11. Backseat Baptism
Theme: Teenage Innocence
Lust as a ritual of growing up. In the back of a rusted truck, two kids find a "guilty bliss" that feels more honest than anything they’ve been taught, discovering themselves through the "trembling kiss."
12. Dead Roses on Route 9
Theme: Vengeful Closure
A betrayed lover leaves a "funeral gift" on a liar's truck. It’s a poetic, sharp-edged exit—leaving the wilted red behind and driving off into a night that finally belongs to her.

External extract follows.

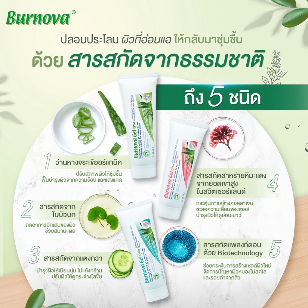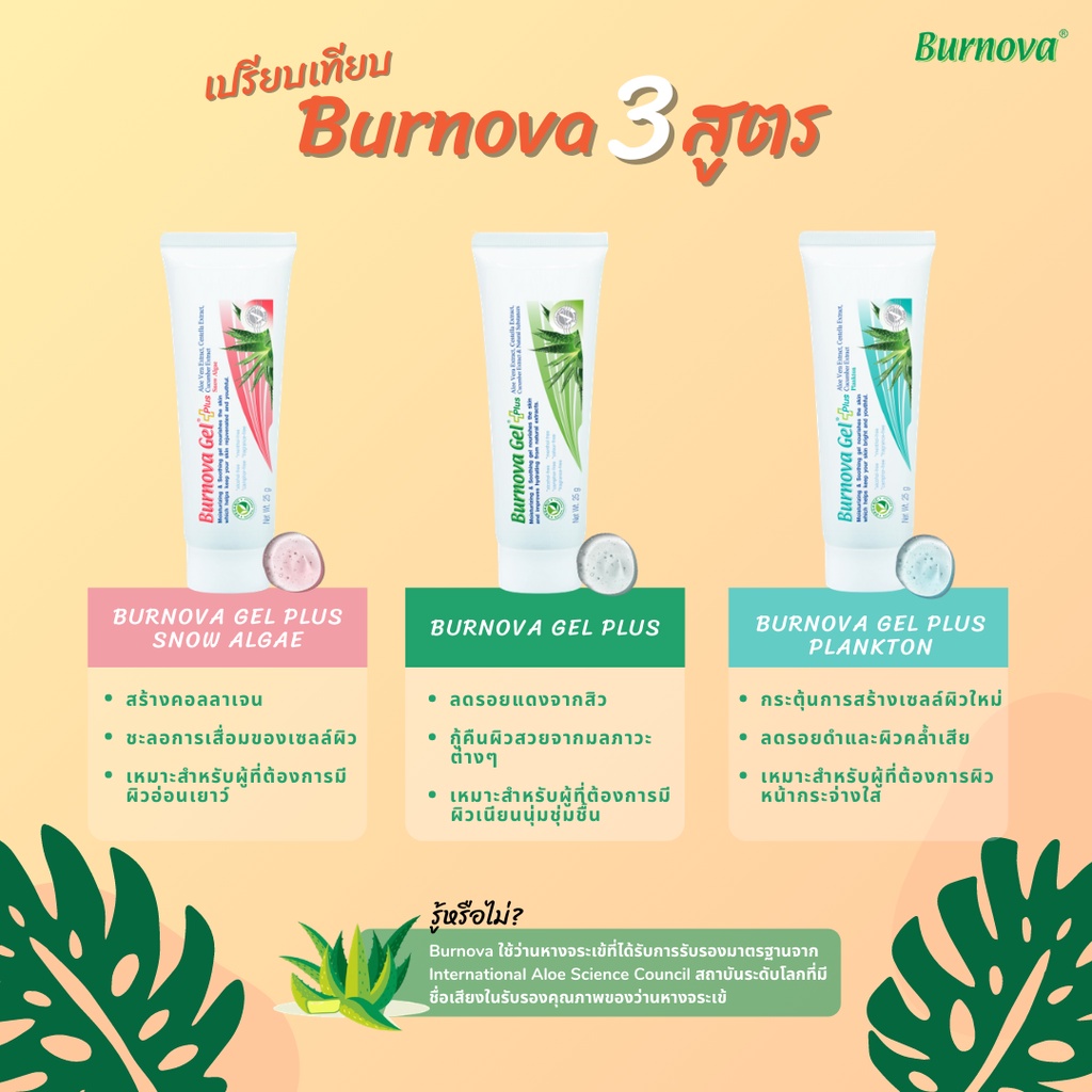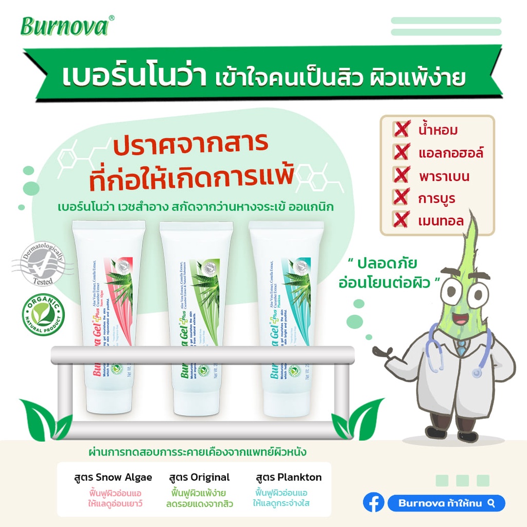 Burnova Gel Plus 25g. / 70g. เบอร์นโนว่า เจล พลัส เจลว่านหางจระเข้ บำรุงผิว รอยสิว ผิวกระจ่างใส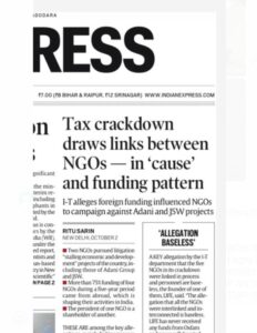 Ambikapur Breaking : अंबिकापुर ! पिछले दिनों राष्ट्रीय दैनिक अखबार इंडियन एक्सप्रेस में छपे गैर सरकारी संगठनों के विदेशी फंडिंग पर आईटी विभाग की गंभीर रिपोर्ट को लेकर भाजपा सरगुजा जिला संवाद प्रमुख संतोष दास ने अपनी तीखी प्रतिक्रिया व्यक्त की है। उन्होंने अपने जारी बयान में कहा है कि आईटी की रिपोर्ट से ‘हसदेव बचाओ’ के नाम पर विदेशी फंडिंग से फर्जी आंदोलन चला रहे रायपुर के कथित एनजीओ बेनकाब हो गए हैं।

13. Holy Water, Dirty Mouth
Theme: Defiant Fluidity
A celebration of the town’s most beautiful "contradiction." She’s bisexual, unbothered, and burns down hypocrisy with a wink. She is the "hurricane sway" that the fragile town can't help but crave.
14. Dirty Blood, Clean Hands
Theme: Breaking the Chain
A powerful declaration of independence from a violent legacy. It’s a song about standing in a "loud man’s house" and deciding that the cycle of slamming fists stops here. It’s the realization that while you can’t change your "dirty blood," you can choose to keep your hands clean.
15. The Babylon Girl of Burke Road
Theme: The Weaponized Rumor
A cinematic character study of a woman who stopped running from the town’s labels and started wearing them as armor. She is the "legend they bestowed"—a petty saint who ruins reputations with a side-eye because she’s done being the victim of their church-pew gossip.
16. Welfare Cowboy
Theme: Resilience in Chaos
The patron saint of "trying the most." A raw, humorous, and heartbreaking look at a single dad surviving on EBT cards and stubbornness. He isn’t polished or calm, but he’s "one meltdown shy of holy distress" and staying for his kids when everyone else ran.
17. When the Trailer Burns Down
Theme: The Final Purge
The album’s grand finale. This is the funeral pyre for a "rusted cage." As the walls that held years of swallowed rage go up in sparks, the narrator finally breathes. It’s not just a fire; it’s a "broken prayer" that frees the ghost of the boy they never knew was there.